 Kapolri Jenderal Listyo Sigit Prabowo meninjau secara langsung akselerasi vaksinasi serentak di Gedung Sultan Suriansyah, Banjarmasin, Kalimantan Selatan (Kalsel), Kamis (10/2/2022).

········

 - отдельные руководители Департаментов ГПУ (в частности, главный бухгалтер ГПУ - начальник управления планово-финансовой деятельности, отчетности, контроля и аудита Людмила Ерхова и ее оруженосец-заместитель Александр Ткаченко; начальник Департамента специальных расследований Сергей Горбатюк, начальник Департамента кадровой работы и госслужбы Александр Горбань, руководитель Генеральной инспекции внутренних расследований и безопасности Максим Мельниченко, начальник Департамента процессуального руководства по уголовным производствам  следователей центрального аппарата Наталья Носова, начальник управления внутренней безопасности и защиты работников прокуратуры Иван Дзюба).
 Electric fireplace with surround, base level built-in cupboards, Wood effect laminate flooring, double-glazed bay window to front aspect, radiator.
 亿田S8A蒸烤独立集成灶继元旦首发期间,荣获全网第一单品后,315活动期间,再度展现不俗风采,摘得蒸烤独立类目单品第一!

········

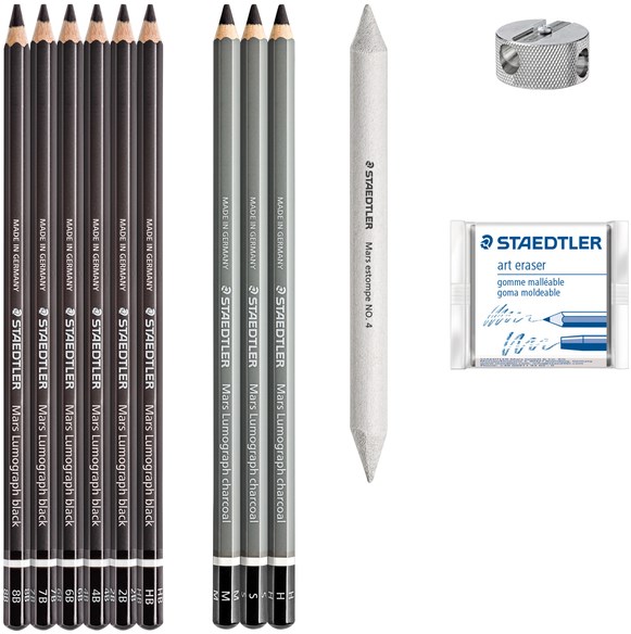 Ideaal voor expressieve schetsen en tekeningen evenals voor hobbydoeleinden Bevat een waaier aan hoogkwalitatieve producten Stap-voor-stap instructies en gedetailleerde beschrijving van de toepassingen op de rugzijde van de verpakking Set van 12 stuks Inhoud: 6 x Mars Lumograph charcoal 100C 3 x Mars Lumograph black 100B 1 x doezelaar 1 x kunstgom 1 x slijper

········

▶ **Description of the task**:
Among the lines above, find the one with "Electric fireplace with" and the one with "亿田S8A蒸烤独立集成灶继元". Quote both and everything between them, exactly.

▶ **Task solution**:
 Electric fireplace with surround, base level built-in cupboards, Wood effect laminate flooring, double-glazed bay window to front aspect, radiator.
 亿田S8A蒸烤独立集成灶继元旦首发期间,荣获全网第一单品后,315活动期间,再度展现不俗风采,摘得蒸烤独立类目单品第一!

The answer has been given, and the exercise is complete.